Fortunately, DLaaS vendors incorporate many cybersecurity measures into their services. These include proven techniques like data masking, which involves creating structurally similar but inauthentic versions of sensitive data while maintaining its utility for business purposes. This makes sensitive information unreadable to unauthorized users, reducing the impact of a successful intrusion.

Platforms like Microsoft Azure also have safeguards in place. These safeguards help prevent the creation of harmful AI-driven content, such as offensive or distressing text, images, or video content. These guardrails automatically block harmful inputs, as well as identify and mitigate security threats like jailbreak and prompt injection attacks.
What to Look for in a DLaaS Service Provider
Now that you know how DLaaS works and the different ways you can use it, here is what to look for in a DLaaS provider.
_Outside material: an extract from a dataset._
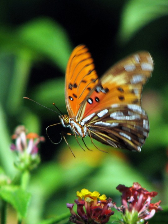 Es un toma magnifica, primero por lo naturalistico pues permite reconocer la Agraullis vanillae o mariposa de espejitos,centrando la la visual en los ojos y patas (nitidos) y que progresivamente se esfuma hacia lo soft sin perder del todo la caracteristicas del insecto, tal vez co mayor velocidad seria muy nitida pero tal vez seria una foto mas sin ese toque diferencial obtenido.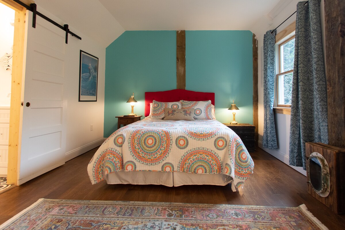 The Duck Inn is a 320 sq ft efficiency apartment adjacent to the Lunker Lodge. It has a private entrance, full bathroom, ample closet space and is furnished with a queen sized bed (new Nectar mattress), and a loveseat with full sized pullout. Kitchen area is equipped with a microwave, toaster oven, hot plate and Keurig coffee maker and basic kitchenware.

Relevant Industry Experience
Choose a DLaaS service provider with relevant experience in your industry. This is especially important if you operate in highly regulated industries like banking and finance, healthcare, and government services. Such industries have strict data privacy and data sovereignty laws, which influence how and where local data is stored, used, and disposed of.
For these reasons, it’s important that your business can clearly disclose how you plan to collect and use your data. This could be for model training purposes or predicting potential future outcomes.
At Orient Software, we have vast industry experience in financial services and insurance, healthcare, e-commerce, logistics and supply chain, eLearning and education, human resources (HR), and MarTech. We understand the unique challenges that clients often face in these industries, and we develop robust AI-driven solutions that help deliver measurable results.
Appropriate Technology Stack
When it comes to incorporating AI into your business, you need a technology partner whose tech stack matches your own. This is especially true if you already use products and services provided by the same platform holder.
If your company is already invested in the Microsoft ecosystem, then you could benefit from Microsoft Azure’s deep learning capabilities. You can connect things like Azure Container Apps, Azure Functions, and Azure Spring Apps, among others. This enables you to continue to use your enterprise services as normal, but with the added benefit of deep learning capabilities.
Unsure which DLaaS service best fits your existing tech stack? A technology partner can help you answer that question. At Orient Software, we can evaluate your existing tech stack and recommend a tailored deep learning solution – one that complements your existing workflows and integrations.
Ongoing Support
Your DLaaS system is not a one-and-done solution. It’s a constantly evolving service that requires regular upkeep and maintenance. Unfortunately, many companies lack the on-site talent and time to maintain their AI-powered solutions.
Choose a technology partner that can continuously monitor, maintain, and support your DLaaS system. They should be able to help you scale up and down your services as needed. This could involve adding new features and services, decommissioning unnecessary services, and addressing issues with deployed deep learning models, such as biased decision-making due to poor-quality data.
Orient Software provides continuous monitoring and support services for all of our deep learning applications. We ensure your AI systems gather and process only the highest-quality data, enabling you to make the most accurate and informed decisions. We also ensure compliance with constantly-changing data privacy rules and regulations, keeping you ahead of the curve and above board.
Empower Your Business with Powerful DLaaS Solutions
AI has forever changed how businesses run. But many companies lack the on-site resources to effectively deploy and manage their own AI systems. Cloud-based deep learning solutions allow businesses to quickly and easily incorporate AI into their workflows, at a fraction of the time and cost of a local installation.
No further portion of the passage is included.